BM25 is a relevance scoring function. Its job is simple:

Given a query, how relevant is each document?

But BM25 doesn’t care about absolute numbers.
It only cares about relative ranking.

Think of BM25 like a judge in a talent show:

  • It doesn’t matter whether the judge scores contestants 1–10 or -10–0
  • What matters is who ranks higher

This is why negative scores are not a problem — they’re just part of the math.

Negative Scores Are Normal

BM25 scores can be positive, negative, or zero.
The only rule that matters:

Higher scores = better matches (even if they’re negative)

This is the part that confuses beginners, so emphasize it early and often.

Interpreting BM25 Scores

Positive Scores

These happen when the query terms are rare across your collection.

  • Rare terms → high IDF → positive BM25
  • Example: Searching for “quantum” in a blog collection

Negative Scores

These happen when the query terms are very common.

  • Common terms → negative IDF → negative BM25
  • Example: Searching for “the” or “programming”

Zero Scores

These happen when:

  • The document contains none of the query terms
  • Or the terms are so common that the math cancels out

Why Negative Scores Happen (The Math Intuition)

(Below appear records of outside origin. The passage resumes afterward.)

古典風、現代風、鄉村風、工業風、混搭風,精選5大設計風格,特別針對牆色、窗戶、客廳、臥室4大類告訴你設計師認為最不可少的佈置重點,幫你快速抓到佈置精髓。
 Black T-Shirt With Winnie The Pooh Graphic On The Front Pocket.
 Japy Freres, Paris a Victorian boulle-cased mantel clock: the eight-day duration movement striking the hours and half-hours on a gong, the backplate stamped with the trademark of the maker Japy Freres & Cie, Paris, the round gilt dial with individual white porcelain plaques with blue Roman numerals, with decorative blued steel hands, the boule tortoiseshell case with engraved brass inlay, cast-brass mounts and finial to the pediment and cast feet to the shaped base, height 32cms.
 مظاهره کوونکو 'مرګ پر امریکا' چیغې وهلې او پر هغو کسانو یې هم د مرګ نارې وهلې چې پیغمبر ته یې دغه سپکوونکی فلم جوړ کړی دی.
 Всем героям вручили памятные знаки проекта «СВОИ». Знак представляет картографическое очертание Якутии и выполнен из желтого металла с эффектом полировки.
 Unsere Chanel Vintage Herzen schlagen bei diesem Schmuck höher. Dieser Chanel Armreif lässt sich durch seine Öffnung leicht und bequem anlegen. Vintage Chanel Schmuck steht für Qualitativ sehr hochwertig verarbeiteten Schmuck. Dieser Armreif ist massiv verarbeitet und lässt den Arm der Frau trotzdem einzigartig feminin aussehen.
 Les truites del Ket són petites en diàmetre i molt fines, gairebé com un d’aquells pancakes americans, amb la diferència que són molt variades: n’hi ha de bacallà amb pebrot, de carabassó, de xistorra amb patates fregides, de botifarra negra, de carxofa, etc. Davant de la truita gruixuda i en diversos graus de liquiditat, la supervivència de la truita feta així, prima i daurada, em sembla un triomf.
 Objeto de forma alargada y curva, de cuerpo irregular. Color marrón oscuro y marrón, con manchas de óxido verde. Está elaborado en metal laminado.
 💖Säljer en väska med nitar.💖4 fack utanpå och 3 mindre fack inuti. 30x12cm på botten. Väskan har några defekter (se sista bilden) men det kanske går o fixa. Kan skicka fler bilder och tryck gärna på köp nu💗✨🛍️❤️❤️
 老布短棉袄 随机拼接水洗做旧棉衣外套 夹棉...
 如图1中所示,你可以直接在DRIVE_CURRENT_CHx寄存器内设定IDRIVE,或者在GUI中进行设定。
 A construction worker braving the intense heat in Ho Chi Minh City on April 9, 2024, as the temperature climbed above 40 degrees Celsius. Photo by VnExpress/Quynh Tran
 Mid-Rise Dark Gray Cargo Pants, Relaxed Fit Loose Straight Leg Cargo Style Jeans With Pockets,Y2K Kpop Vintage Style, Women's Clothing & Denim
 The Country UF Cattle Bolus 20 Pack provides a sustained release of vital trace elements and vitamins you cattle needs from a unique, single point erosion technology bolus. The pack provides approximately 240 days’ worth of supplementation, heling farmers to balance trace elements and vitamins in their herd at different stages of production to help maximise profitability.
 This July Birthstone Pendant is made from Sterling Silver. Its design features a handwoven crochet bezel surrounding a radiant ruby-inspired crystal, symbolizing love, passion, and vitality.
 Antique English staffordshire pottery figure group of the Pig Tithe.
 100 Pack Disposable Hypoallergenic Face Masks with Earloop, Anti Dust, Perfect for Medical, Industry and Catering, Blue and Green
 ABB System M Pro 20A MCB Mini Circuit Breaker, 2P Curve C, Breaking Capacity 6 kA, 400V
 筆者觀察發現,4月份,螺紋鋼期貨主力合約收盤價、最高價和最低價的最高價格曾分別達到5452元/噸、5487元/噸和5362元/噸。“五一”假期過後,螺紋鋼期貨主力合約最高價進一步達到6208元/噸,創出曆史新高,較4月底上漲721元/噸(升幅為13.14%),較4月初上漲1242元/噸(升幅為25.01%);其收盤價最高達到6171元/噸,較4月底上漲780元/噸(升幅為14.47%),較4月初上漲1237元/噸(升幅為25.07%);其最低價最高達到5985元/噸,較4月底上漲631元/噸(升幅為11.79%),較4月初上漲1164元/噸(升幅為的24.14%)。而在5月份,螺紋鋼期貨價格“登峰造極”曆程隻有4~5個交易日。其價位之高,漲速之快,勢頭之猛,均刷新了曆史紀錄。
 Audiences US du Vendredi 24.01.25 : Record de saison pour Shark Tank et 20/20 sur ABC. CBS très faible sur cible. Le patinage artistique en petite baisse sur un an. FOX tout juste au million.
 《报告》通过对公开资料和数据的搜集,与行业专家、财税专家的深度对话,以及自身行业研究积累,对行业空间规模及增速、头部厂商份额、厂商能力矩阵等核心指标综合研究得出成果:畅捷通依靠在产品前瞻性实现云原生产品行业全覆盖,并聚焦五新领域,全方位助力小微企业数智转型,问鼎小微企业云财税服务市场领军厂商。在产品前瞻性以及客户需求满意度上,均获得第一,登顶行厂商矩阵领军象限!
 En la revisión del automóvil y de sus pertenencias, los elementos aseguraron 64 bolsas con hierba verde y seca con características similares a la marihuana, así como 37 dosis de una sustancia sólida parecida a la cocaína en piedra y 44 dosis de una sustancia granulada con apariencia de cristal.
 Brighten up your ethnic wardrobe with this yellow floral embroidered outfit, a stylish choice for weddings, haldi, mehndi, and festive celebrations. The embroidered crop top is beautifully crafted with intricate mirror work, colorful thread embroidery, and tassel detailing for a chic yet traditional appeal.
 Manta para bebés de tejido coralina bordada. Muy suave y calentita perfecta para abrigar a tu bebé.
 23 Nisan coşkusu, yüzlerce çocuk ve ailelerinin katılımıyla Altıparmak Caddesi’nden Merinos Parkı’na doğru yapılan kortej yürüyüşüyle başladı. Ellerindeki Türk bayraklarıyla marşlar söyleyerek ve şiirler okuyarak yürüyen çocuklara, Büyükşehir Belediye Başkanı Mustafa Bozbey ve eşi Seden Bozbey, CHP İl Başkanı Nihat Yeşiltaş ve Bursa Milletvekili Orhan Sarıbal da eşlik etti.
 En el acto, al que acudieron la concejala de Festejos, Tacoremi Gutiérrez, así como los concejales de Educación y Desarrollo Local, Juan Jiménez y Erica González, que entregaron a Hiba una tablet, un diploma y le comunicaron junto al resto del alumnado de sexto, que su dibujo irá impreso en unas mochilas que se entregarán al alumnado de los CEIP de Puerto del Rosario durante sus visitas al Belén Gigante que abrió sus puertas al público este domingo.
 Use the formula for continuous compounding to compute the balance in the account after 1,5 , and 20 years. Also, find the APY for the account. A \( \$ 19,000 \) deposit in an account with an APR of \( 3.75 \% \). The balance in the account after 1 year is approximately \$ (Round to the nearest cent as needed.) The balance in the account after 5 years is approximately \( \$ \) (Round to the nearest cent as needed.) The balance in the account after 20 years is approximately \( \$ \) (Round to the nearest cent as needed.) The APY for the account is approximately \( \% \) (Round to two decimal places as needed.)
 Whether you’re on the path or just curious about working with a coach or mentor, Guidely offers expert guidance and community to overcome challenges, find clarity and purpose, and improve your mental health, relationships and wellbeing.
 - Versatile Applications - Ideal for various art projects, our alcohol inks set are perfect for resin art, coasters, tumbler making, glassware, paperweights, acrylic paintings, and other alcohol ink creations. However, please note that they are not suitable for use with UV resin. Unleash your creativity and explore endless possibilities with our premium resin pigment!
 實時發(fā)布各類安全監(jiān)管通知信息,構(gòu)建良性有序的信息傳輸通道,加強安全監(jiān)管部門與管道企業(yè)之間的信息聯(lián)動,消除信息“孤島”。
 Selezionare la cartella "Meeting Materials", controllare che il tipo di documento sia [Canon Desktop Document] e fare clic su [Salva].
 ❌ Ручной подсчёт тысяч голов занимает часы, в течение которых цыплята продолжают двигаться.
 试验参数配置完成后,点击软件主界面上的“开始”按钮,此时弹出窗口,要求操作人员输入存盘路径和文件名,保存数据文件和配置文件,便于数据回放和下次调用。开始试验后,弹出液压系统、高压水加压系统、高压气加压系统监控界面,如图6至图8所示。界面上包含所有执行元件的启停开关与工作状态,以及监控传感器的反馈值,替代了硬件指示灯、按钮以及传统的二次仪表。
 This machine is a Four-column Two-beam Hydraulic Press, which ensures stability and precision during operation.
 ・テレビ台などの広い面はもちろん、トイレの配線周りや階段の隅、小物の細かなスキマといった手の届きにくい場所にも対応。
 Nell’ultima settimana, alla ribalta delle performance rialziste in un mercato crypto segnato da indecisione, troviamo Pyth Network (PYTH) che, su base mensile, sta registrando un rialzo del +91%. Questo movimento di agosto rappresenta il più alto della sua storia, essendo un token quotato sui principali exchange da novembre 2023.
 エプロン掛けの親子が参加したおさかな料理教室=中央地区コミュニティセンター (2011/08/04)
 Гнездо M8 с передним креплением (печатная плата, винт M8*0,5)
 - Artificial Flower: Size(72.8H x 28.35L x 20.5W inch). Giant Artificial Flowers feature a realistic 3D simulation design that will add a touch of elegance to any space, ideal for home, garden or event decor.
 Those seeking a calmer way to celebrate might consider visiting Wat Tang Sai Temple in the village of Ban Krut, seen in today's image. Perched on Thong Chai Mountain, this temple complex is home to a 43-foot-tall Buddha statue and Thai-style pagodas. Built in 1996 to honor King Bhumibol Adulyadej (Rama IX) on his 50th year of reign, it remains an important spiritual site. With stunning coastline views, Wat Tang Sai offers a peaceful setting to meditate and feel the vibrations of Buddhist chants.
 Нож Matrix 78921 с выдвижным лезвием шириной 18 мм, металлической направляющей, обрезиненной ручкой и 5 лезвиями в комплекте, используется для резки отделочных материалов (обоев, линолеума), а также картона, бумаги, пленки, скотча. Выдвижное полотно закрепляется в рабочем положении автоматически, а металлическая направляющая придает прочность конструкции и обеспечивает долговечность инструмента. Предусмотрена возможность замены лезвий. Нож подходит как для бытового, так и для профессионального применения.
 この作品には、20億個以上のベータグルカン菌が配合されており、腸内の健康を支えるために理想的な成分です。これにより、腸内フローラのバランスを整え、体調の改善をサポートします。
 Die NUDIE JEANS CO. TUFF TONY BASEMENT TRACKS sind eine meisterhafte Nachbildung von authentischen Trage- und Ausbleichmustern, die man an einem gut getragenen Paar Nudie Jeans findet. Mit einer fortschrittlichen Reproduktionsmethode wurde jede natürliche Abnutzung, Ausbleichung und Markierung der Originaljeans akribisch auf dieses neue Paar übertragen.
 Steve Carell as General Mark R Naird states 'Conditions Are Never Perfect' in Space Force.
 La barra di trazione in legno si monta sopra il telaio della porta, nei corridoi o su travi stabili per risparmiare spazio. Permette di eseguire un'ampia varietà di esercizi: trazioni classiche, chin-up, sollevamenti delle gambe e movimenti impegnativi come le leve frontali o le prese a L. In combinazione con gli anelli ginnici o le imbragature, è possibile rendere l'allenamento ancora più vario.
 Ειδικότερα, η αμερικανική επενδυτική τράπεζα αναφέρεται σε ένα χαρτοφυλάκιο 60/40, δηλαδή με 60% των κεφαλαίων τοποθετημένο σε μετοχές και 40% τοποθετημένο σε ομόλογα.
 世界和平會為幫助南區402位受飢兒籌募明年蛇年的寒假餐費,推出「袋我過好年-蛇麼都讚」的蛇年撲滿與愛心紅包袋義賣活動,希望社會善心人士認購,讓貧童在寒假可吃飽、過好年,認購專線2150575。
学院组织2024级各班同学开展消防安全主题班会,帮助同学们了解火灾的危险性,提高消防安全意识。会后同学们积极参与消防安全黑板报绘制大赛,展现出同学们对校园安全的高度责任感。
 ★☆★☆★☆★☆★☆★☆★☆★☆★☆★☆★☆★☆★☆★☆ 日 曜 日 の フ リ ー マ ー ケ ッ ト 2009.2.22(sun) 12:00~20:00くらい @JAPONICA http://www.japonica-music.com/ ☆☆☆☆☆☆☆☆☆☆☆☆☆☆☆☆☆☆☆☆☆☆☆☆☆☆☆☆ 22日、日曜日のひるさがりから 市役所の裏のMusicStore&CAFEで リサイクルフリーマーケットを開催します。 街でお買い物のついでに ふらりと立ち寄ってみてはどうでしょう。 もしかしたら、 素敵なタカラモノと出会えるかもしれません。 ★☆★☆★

BM25 uses the IDF formula:

IDF = ln((N - n + 0.5) / (n + 0.5))

Where:

  • N = total number of documents
  • n = number of documents containing the term

If a term appears in more than half of your documents, the fraction becomes < 1, and:

  • ln(<1) = negative number
  • → negative IDF
  • → negative BM25

This is expected and correct.

Mental Model:

Think of IDF Like “Uniqueness Points”

  • Rare terms earn bonus points
  • Common terms earn penalty points
  • BM25 adds up all the bonuses and penalties

If all your query terms are common, you get a negative total, but the ranking still works.

Example Breakdown

Document "the" "programming" "language" BM25
Doc 1 Yes Yes Yes -5.2
Doc 2 Yes Yes No -4.8
Doc 3 No No No 0.0

Ranking:

  1. Doc 2 (best)
  2. Doc 1
  3. Doc 3 (worst)

Even though Doc 2 has a negative score, it’s still the best match.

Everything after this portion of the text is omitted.